On Routing, Data Specification and Graph Edge Filtering

[rowleya]

We have observed that in (at this point specifically) neural network applications, it might make sense to filter the graph after the data has been generated. This could work as follows: 1) Do partitioning, placement and routing and key allocation without any edge filtering or compression 2) Do data specification generation and execution. 3) Get any information that might help with the filtering of edges (e.g. if additional data generation is done on the machine, you might have to retrieve a connection count for each edge). 4) Filter edges from the graph, removing them from the routing tables as you go. Note that this might result in vertices which used to have outgoing edges, but no don't have any, and so should not transmit any keys. 5) Do routing compression and load the routes. 6) Load the binaries (but leave them paused i.e. don't do sync0) 7) Send a message to those vertices which shouldn't send keys any more. 8) Start the application as usual.

Note that there is a contention here between data generation, at which point we tell the application that it has a key and should send it, and filtering, where we might change our minds. The above mechanism is a suggested way in which this can be solved.
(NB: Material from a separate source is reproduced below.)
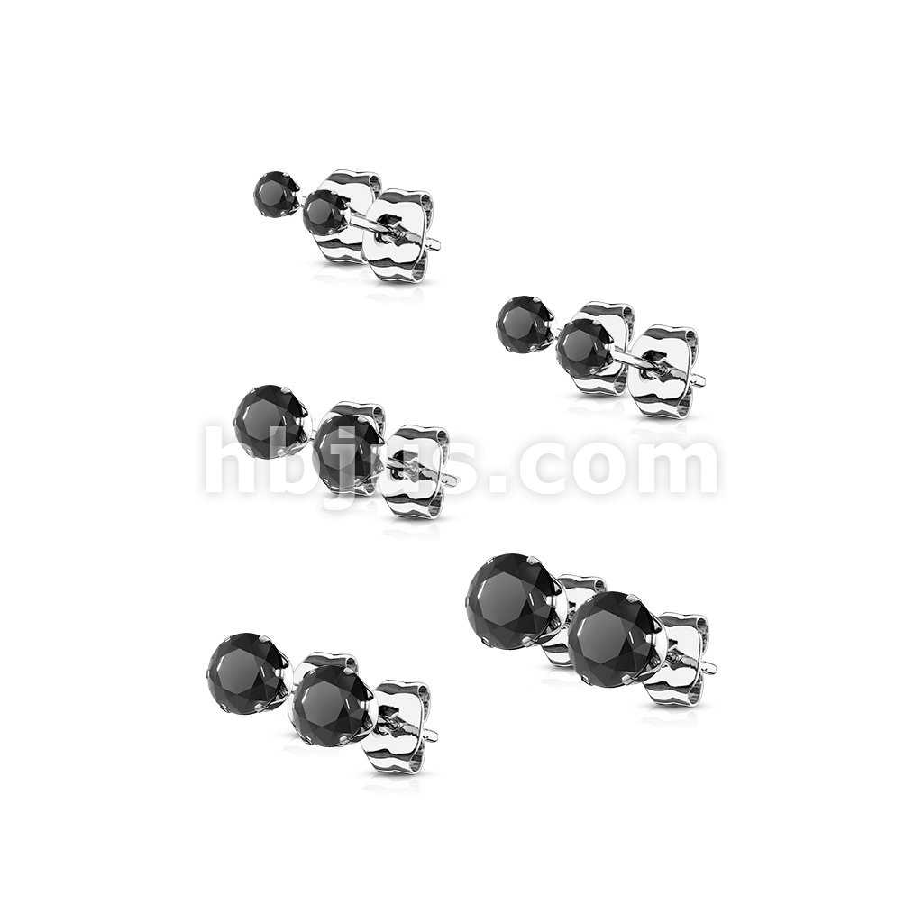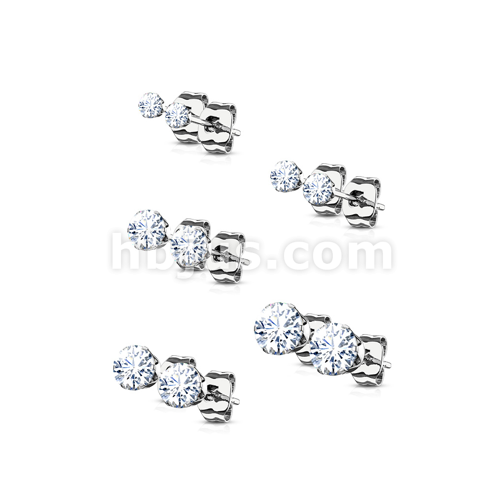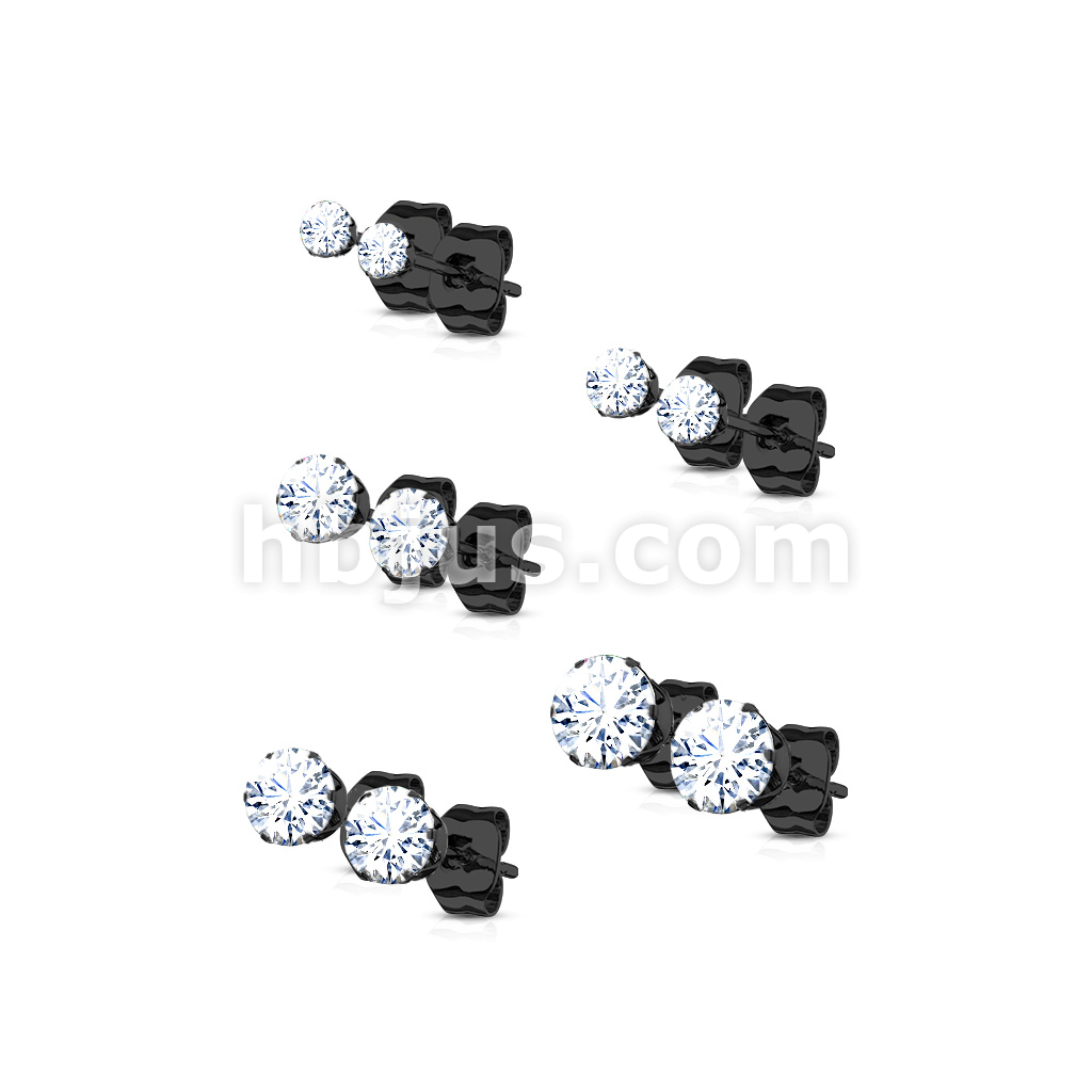 5 Pairs of Assorted Sizes Prong Set Round CZ Stainless Steel Stud Earrings Pack

Note also that this would have to be tested with "reset", where data and binaries are reloaded; the message would have to be resent in this case to re-disable the sending of keys.

[alan-stokes]

this sounds overly complicated, and slow, compared to our current approach. You also fail to explain the use case where ours currently fails. Filtering at the earliest opportunity seems the sensible approach, and i don't get why we'd do otherwise.

[rowleya]

The missing information here is that in some graphs, the final sub-atom connectivity is not determined until after data generation, thus when filtering is done, this information is unknown. Unfortunately, as usual, there is a (currently potential) circular dependency - filtering needs to be done before routing, which needs to be done before routing key generation (ideally since key generation could take route into account), which needs to be done before data generation, which needs to be done before filtering!

A specific use-case is the generation of synapses in sPyNNaker. Here, the more detailed use case is when a Projection is provided with a low-probability of neuron connectivity, which results in machine edges that have no actual synapses in some cases. These cannot be determined prior to data generation, so a second round of filtering would be ideal.